Für Kinobesucher gab es Gutscheine, für Taxifahrer war der Stromausfall ein kleines Konjunkturprogramm. Wer früh ins Bett gegangen war, bekam vom Stromausfall nur mit, dass am nächsten Morgen der elektrische Wecker verrücktspielte oder auch das Display des Küchenherds blinkte. Wer dagegen noch wach war und auf die Straße ging, der sah hinter zahllosen Fenstern das flackernde Licht von Kerzen, in den Lokalen Kellner, die wieder den kleinen Schreibblock benutzten, um mit den Gästen abzurechnen. Vor dem Zaza, einer angesagten Diskothek in der Innenstadt, standen die jungen Leute, und die Meinungen waren geteilt. "Voll unheimlich", fand die 22-jährige Franziska die Situation, aber eine Hundebesitzerin konnte dem Blackout auch gute Seiten abgewinnen: "Ich finde, dass es in der heutigen Zeit an Stille und Dunkelheit fehlt."

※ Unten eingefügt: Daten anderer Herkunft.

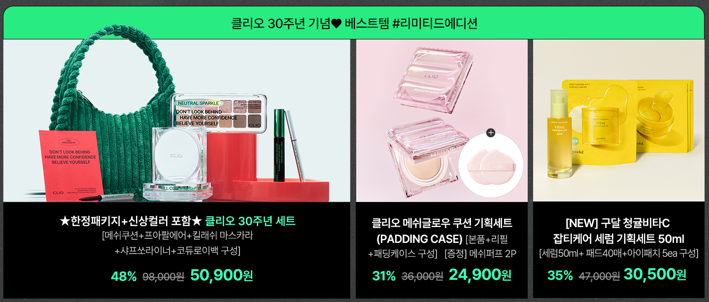 - 전 품목 최대 90% 할인! 한정 에디션 및 신상 포함 블프 한정특가 (+ 클리오 30주년 기념 리미티드 에디션)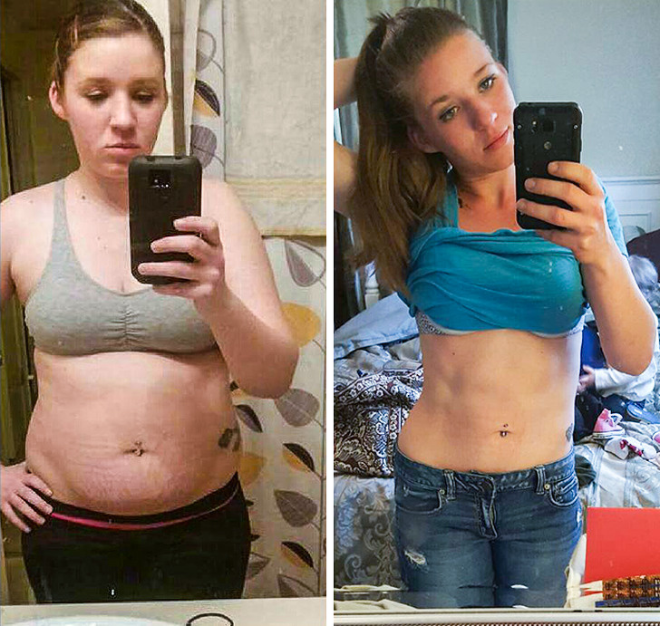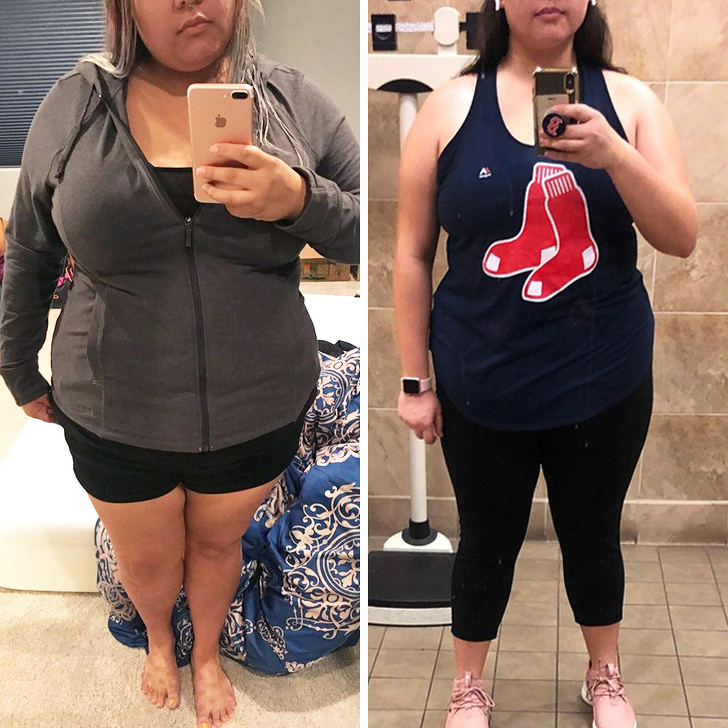 «Фото „до“ я зробила відразу після того, як розлучилася зі своїм колишнім, який знущався наді мною. Моє фізичне здоров'я завжди було відображенням внутрішнього стану. Я стала їсти здорову їжу, тренуватися 4-5 разів на тиждень, пройшла терапію»

Der Energieversorger drückte sein Bedauern aus für die "Großstörung" und versprach, man werde alles tun, um die Ursachen für den Blackout zu finden. Mit Beginn der Frühschicht liefen die Bänder wieder rund im Volkswagenwerk für Nutzfahrzeuge, beim Reifenhersteller Continental kratzten sie da noch erkaltete Gummimasse aus den Maschinen. Die Stadtwerke richten sich auf eine langwierige Ursachensuche ein. Es könne bis zu 20 Tage dauern, bis der Auslöser für die Doppel-Panne in einer Umspannstation und einem Kraftwerk ermittelt sei, teilte ein Sprecher der Stadtwerke am Freitag mit.